The given family of curves are

$x^{2}+y^{2}=c$

Differentiating w.r.t. $x$ , we get

$2 x+2 y(d y / d x)=0\\ x+y(d y / d x)=0 ...(i)$

Replacing

$\frac{d y}{d x}\ by \ \frac{\frac{d y}{d x}-\tan 45^{\circ}}{1+\frac{d y}{d x} \tan 45^{\circ}}= \frac{\frac{d y}{d x}-1}{1+\frac{d y}{d x}}$

in Eq. (i), we get

$x+y\left(\frac{\frac{d y}{d x}-1}{1+\frac{d y}{d x}}\right)=0$

$\begin{aligned} &x\left(1+\frac{d y}{d x}\right)+y\left(\frac{d y}{d x}-1\right)=0 \\ &\Rightarrow \quad(x+y) \frac{d y}{d x}=(y-x) \\ &\Rightarrow \quad \frac{d y}{d x}=\frac{y-x}{y+x} \quad \ldots(\mathrm{ii}) \end{aligned}$

which is a homogeneous differential equation.
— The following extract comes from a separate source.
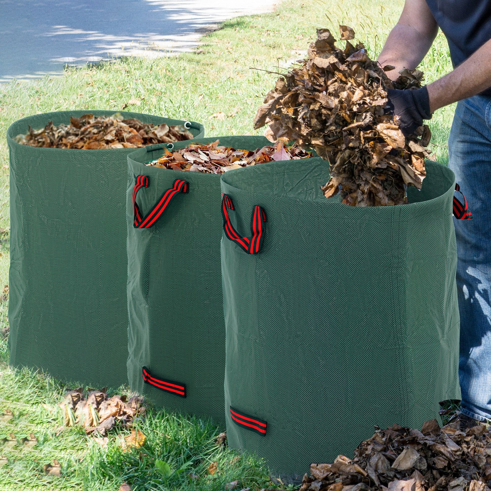Outsunny Garden Waste Bags, 300L x 3 Heavy Duty Garden Bags, Foldable and Reusable Waste Sacks with Handles for Loading Leaf, Trash, Debris, Green

$\begin{aligned} &\text { Put } y=v x \Rightarrow \frac{d y}{d x}=v+x \frac{d v}{d x} \\ &\Rightarrow \quad v+x \frac{d v}{d x}=\frac{v-1}{v+1} \\ &\Rightarrow \quad x \frac{d v}{d x}=\frac{v-1}{v+1}-v=\frac{v-1-v^{2}-v}{v+1} \\ &\Rightarrow \quad\left(\frac{v+1}{v^{2}+1}\right) d v=-\frac{d x}{x} \end{aligned}$

Integrating, we get

$\begin{aligned} &\frac{1}{2} \log \left|v^{2}+1\right|+\tan ^{-1} v=c_1-\log x \\ &\Rightarrow \quad \log \left|x^{2}+y^{2}\right|+\tan ^{-1}\left(\frac{y}{x}\right)=c_1 \end{aligned}$

Which is the required isogonal trajectories of the given family of curves.